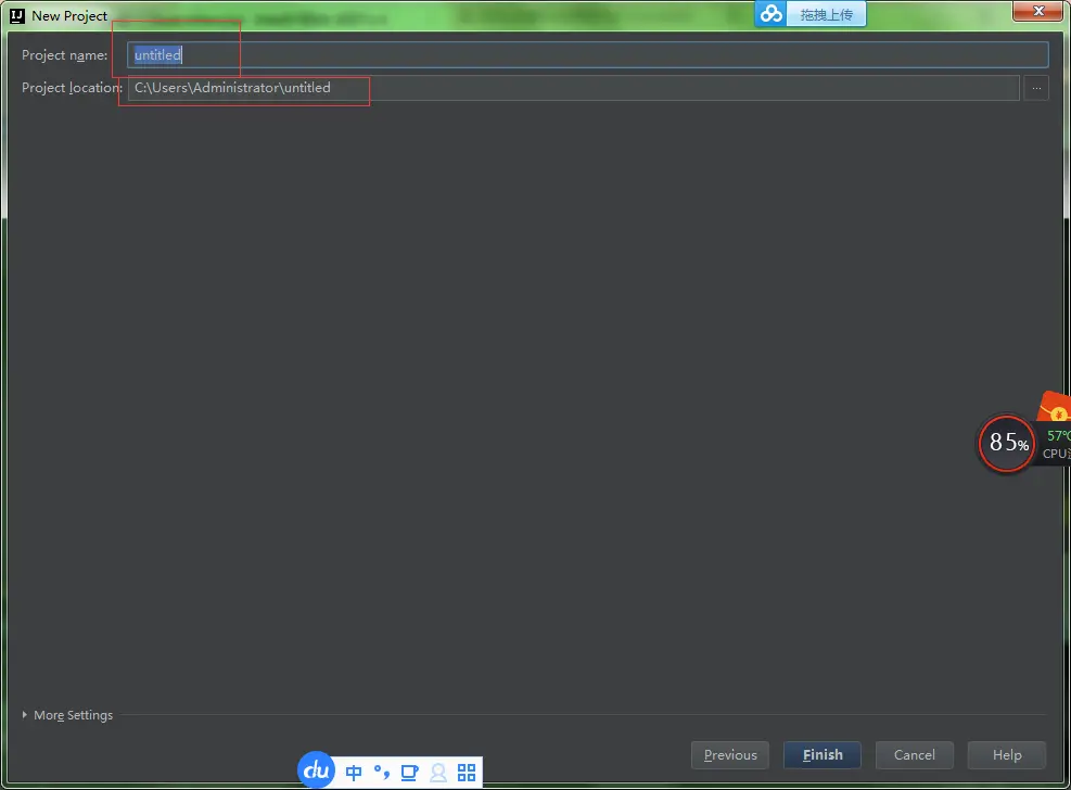 步骤3:点击next--->之后填写你的项目名,指定你的路径
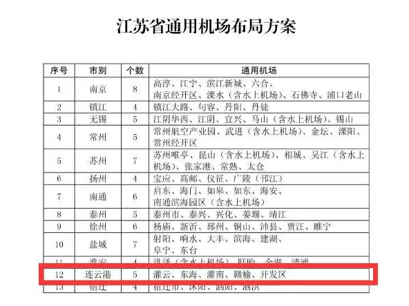 連云港灌云、東海、灌南等地將建設(shè)5個(gè)通用機(jī)場(chǎng) —— 文章正文2017-11-17
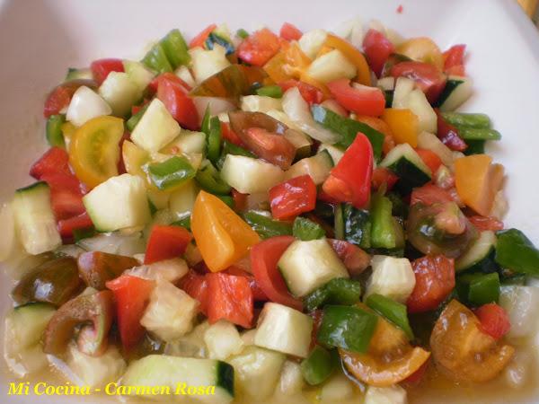 Tres tomates pequeños de cada color (amarillo, naranja, rojo, verde?.se pueden encontrar hoy en día en cualquier supermercado), un pimiento verde tipo italiano, medio pimiento rojo (de los de asar), media cebolla blanca dulce, medio pepino (si es muy grande), vinagre de vino (tres o cuatro cucharadas soperas), sal y seis cucharadas soperas de aceite de oliva virgen extra (a ser posible malagueño).

□ □ □

Your assignment>
A faithful copy of all the data above is required, printed exactly and with no pictures.

Exercise answer>
 步骤3:点击next--->之后填写你的项目名,指定你的路径
 連云港灌云、東海、灌南等地將建設(shè)5個(gè)通用機(jī)場(chǎng) —— 文章正文2017-11-17
 Tres tomates pequeños de cada color (amarillo, naranja, rojo, verde?.se pueden encontrar hoy en día en cualquier supermercado), un pimiento verde tipo italiano, medio pimiento rojo (de los de asar), media cebolla blanca dulce, medio pepino (si es muy grande), vinagre de vino (tres o cuatro cucharadas soperas), sal y seis cucharadas soperas de aceite de oliva virgen extra (a ser posible malagueño).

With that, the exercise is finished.